DATA FOR THIS TASK:
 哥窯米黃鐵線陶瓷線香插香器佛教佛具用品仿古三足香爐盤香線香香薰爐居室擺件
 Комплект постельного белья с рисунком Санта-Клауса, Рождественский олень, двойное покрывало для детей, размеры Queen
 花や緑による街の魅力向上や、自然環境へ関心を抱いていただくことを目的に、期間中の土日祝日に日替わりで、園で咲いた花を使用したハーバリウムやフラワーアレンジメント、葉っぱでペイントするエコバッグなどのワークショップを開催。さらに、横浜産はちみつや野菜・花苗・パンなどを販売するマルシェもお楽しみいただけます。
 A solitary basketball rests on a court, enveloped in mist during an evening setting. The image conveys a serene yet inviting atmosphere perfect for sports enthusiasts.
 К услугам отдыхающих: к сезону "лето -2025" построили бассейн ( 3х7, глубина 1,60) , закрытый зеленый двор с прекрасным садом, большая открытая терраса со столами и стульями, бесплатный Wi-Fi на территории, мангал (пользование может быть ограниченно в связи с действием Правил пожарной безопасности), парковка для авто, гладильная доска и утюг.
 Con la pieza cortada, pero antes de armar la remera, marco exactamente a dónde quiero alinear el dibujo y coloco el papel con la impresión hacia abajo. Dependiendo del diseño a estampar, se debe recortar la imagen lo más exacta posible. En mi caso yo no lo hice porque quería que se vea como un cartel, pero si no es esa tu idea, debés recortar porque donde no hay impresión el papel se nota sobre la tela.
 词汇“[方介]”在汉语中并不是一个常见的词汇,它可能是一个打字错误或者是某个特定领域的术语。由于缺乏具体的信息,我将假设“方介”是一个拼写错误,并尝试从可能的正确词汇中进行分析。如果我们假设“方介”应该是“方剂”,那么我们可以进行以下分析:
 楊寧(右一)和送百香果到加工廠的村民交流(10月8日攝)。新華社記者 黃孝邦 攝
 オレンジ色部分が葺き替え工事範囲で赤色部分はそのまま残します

EXERCISE:
Copy all of the listing above exactly, please.

SOLUTION FOR THIS TASK:
 哥窯米黃鐵線陶瓷線香插香器佛教佛具用品仿古三足香爐盤香線香香薰爐居室擺件
 Комплект постельного белья с рисунком Санта-Клауса, Рождественский олень, двойное покрывало для детей, размеры Queen
 花や緑による街の魅力向上や、自然環境へ関心を抱いていただくことを目的に、期間中の土日祝日に日替わりで、園で咲いた花を使用したハーバリウムやフラワーアレンジメント、葉っぱでペイントするエコバッグなどのワークショップを開催。さらに、横浜産はちみつや野菜・花苗・パンなどを販売するマルシェもお楽しみいただけます。
 A solitary basketball rests on a court, enveloped in mist during an evening setting. The image conveys a serene yet inviting atmosphere perfect for sports enthusiasts.
 К услугам отдыхающих: к сезону "лето -2025" построили бассейн ( 3х7, глубина 1,60) , закрытый зеленый двор с прекрасным садом, большая открытая терраса со столами и стульями, бесплатный Wi-Fi на территории, мангал (пользование может быть ограниченно в связи с действием Правил пожарной безопасности), парковка для авто, гладильная доска и утюг.
 Con la pieza cortada, pero antes de armar la remera, marco exactamente a dónde quiero alinear el dibujo y coloco el papel con la impresión hacia abajo. Dependiendo del diseño a estampar, se debe recortar la imagen lo más exacta posible. En mi caso yo no lo hice porque quería que se vea como un cartel, pero si no es esa tu idea, debés recortar porque donde no hay impresión el papel se nota sobre la tela.
 词汇“[方介]”在汉语中并不是一个常见的词汇,它可能是一个打字错误或者是某个特定领域的术语。由于缺乏具体的信息,我将假设“方介”是一个拼写错误,并尝试从可能的正确词汇中进行分析。如果我们假设“方介”应该是“方剂”,那么我们可以进行以下分析:
 楊寧(右一)和送百香果到加工廠的村民交流(10月8日攝)。新華社記者 黃孝邦 攝
 オレンジ色部分が葺き替え工事範囲で赤色部分はそのまま残します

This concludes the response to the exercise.